What's that about robotics-based stock pickers supplanting humans?
Maybe someday, but for now, flesh-and-blood money managers are producing better investment results, and are doing so by a wide margin.
That data comes from New York City-based Preqin, which tracked the performance of computer-generated stock-pickers versus their human, hedge fund counterparts using traditional discretion-based strategies over the first six months of 2017.
The result? The human beings won going away, returning 5.99% versus 3.17% for computer-based investment selectors.
(It's worth noting the Standard & Poor's 500 bested both, returning 8% over the same time period.)
With all the fanfare over fin/tech and robotics, is it a surprise that the hedge fund pickers bested the computers? Not really, financial industry veterans say.
"Humans by far own the stock-picking advantage," says Alexander E. Parker, senior managing director at The Buxton Helmsley Group, Inc. in New York. "The basic reason why is that computers cannot pull together all of the dynamics of a business and understand basic business numbers."
Robo-advisors simply have to take numbers at face value and try to pick the stocks based on the concrete numbers available, Parker says. "The computer also doesn't understand whether human reaction to news is overreaction, which many times will make a stock quite cheap," he says. "Also, robotic algorithms are not able to pull together even basic market situations where you have cycles in businesses that create unattractive financials in the short-term."
Robo-advisors are reactionary and not anticipatory, Parker says. "They will rebalance because of historical market fluctuations that have already occurred," he notes. "The most money is made when you are an anticipatory investor."
There are areas where computers can excel in portfolio management, but investors and advisors need to where to look, other experts say.
"Computers can still only do what we tell them to do," says Nathan Edwards, a money manager at IMG Wealth Management, in Jacksonville, Fla. "This gives systematic trading an advantage under certain conditions. Right now the ideal conditions for computers are in asset allocation and rebalancing, as long as no one position is allowed to assume too large of a weighting."
"Computers succeed in those areas because they have to stick to a model that has its backbone in research that has demonstrated success over prolonged periods of time, and won't blow it when tough decisions have to be made like humans routinely do," Edwards says.
The "crippling disadvantage" for computers, is that they're relegated to the very recent past, Edwards adds. "To achieve a statistical advantage, they have to examine relationships that happened pretty recently, and then they are chained to their program," he explains. "Where a computer looks at the risk versus return characteristics of high yield bonds over the last year and calculates a very attractive risk adjusted return, a knowledgeable human intuitively sees beyond the recent glitter and adjusts accordingly."
Not everyone is convinced that human stock pickers have the advantage over digital-based tools.
"I have not seen a serious, peer reviewed study, that provides convincing evidence that human money managers regularly outperform or that they are somehow particularly skilled at picking stocks," says David Weinbaum, associate professor of finance at Syracuse University's Martin J. Whitman School of Management.
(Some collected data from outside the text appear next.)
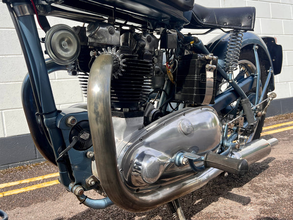 Triumph 6T Thunderbird 650cc 1952. In nice usable condition with matching engine and frame numbers. Petrol tank has just been repainted. Has been fitted with electronic ignition. The engine sounds good and the bike rides well. These are very sort after and getting harder to find so be quick!
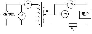 19.2009年春节前后,我国部分省市的供电系统由于气候原因遭到严重破坏。为此,某小区启动了临时供电系统,它由备用发电机和副线圈匝数可调的变压器组成,如图所示,图中R0表示输电线的电阻。滑动触头P置于某处时,用户的用电器恰好正常工作,在下列情况下,要保证用电器仍能正常工作,则 ( )
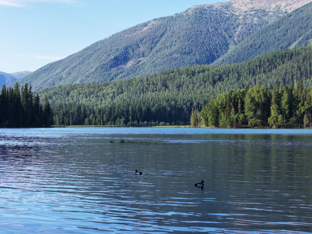 清晨,水鸟在喀纳斯河上游荡。新华社记者 张啸诚 摄
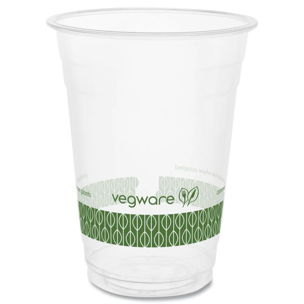 Vegware R500Y-G 16 oz. 96-Series Compostable Cold Cup – Clear/Green (1000/Carton)
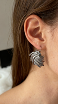 Volume pieno e luce a 360°: il motivo a nodo intrecciato con superfici martellate in finitura argento specchiata crea riflessi ricchi e sofisticati. Perfetti per dare carattere a camicie, blazer e knitwear. Chiusura a perno con farfallina; peso bilanciato per un comfort quotidiano.
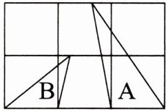 1. 如图是由6个小正方形组成的,已知三角形A的面积是$4cm^2,$则三角形B的面积是(
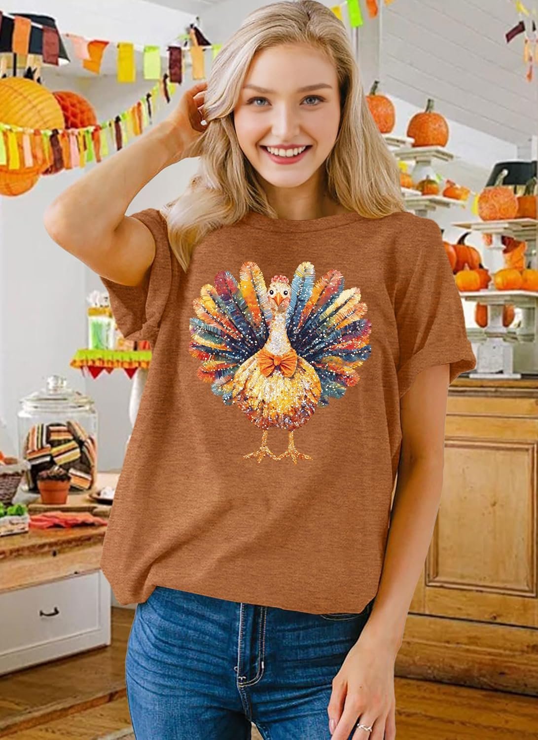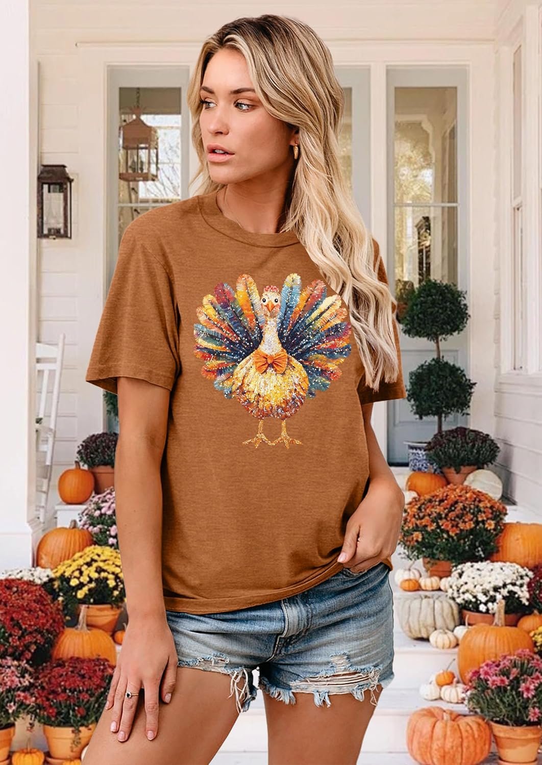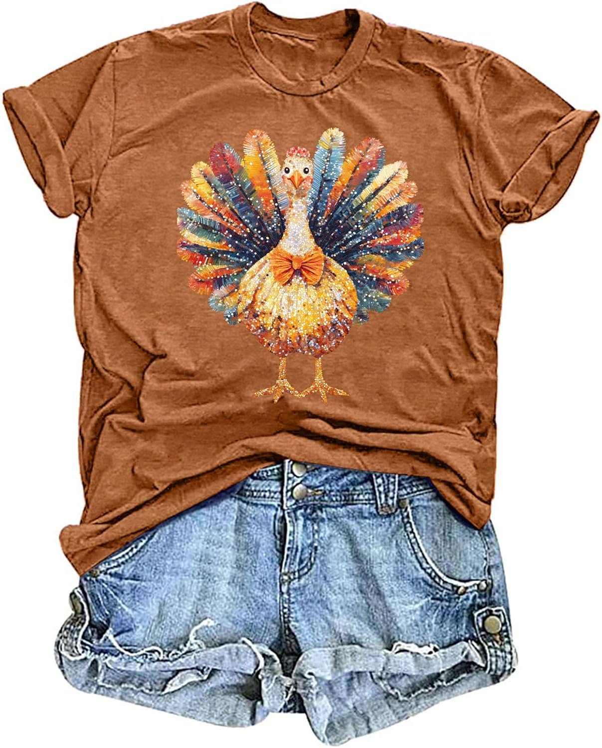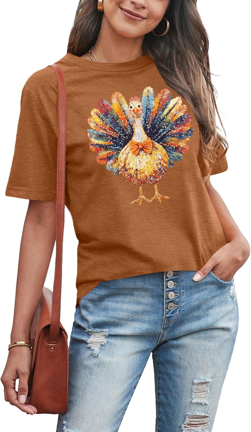 Thanksgiving Shirts Women Cute Turkey Graphic T-Shirt Casual Thankful Short Sleeve Crew Neck Tee Tops
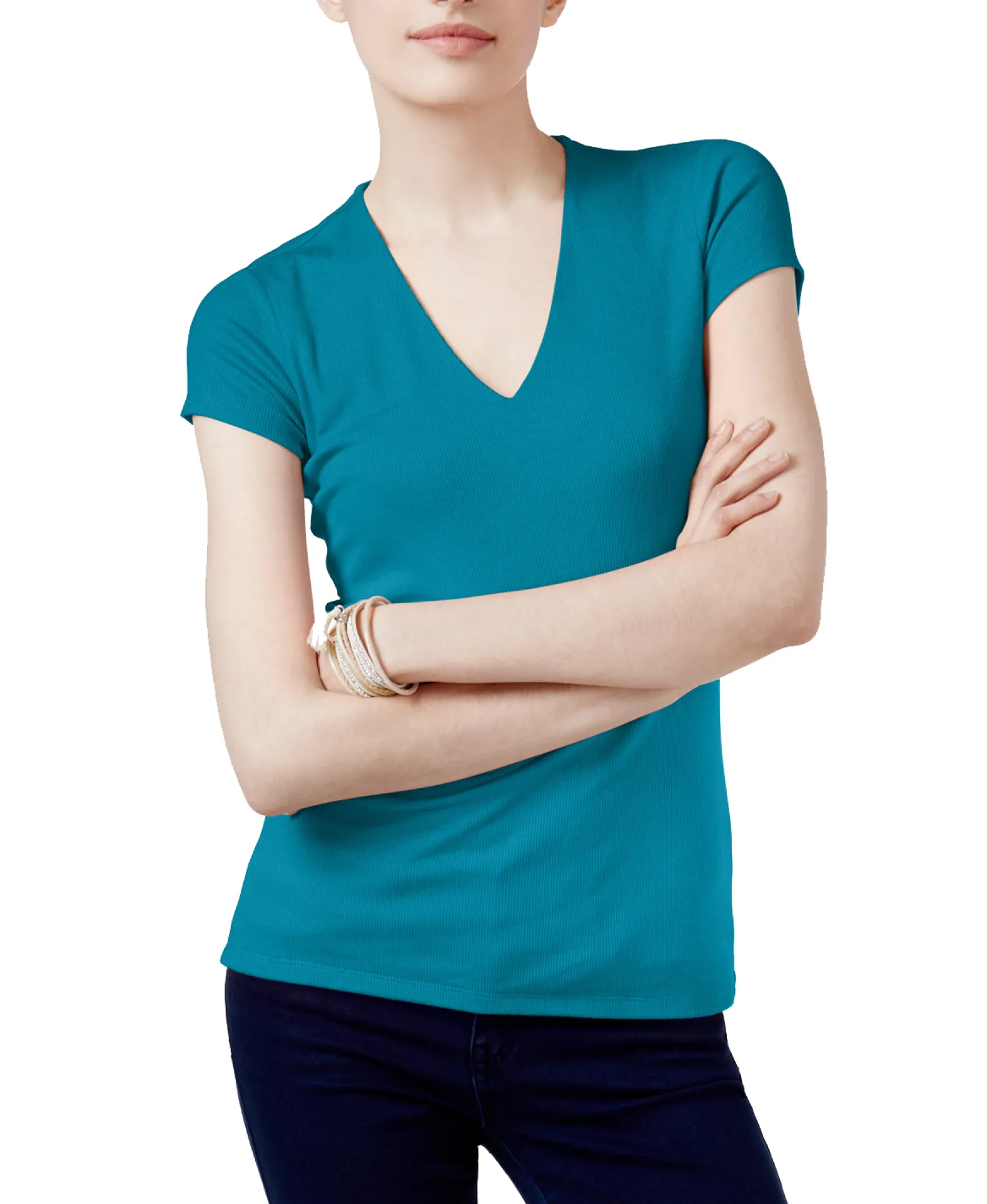A year-round essential, this ribbed V-neck top from INC International Concepts was made for work or play.
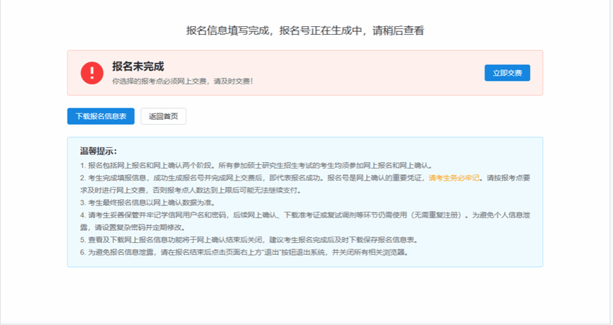 报名信息填写完成之后,一段时间后将会生成报名号,报名号是网上确认的重要凭证,请务必牢记。请按报考点要求及时进行网上交费,否则报考点人数达到上限后可能无法继续支付。

Some managers may well have such skills, but identifying them before the fact is extremely difficult, and truly separating skill from luck remains a challenge, Weinbaum notes. "In fact, investors have noticed this as well: inflows into Vanguard, a fund family that focuses on low-cost index funds as opposed to stock picking, dwarf those of all of all of its competitors combined," he says.
"Also, the world's largest asset manager, Blackrock, announced in March that it would start promoting computer-based investment methodologies rather than stock picking," he adds.
That's just smart business, but that said, investment companies who rely strictly on computers to run their portfolios may be doing their clients a big disservice.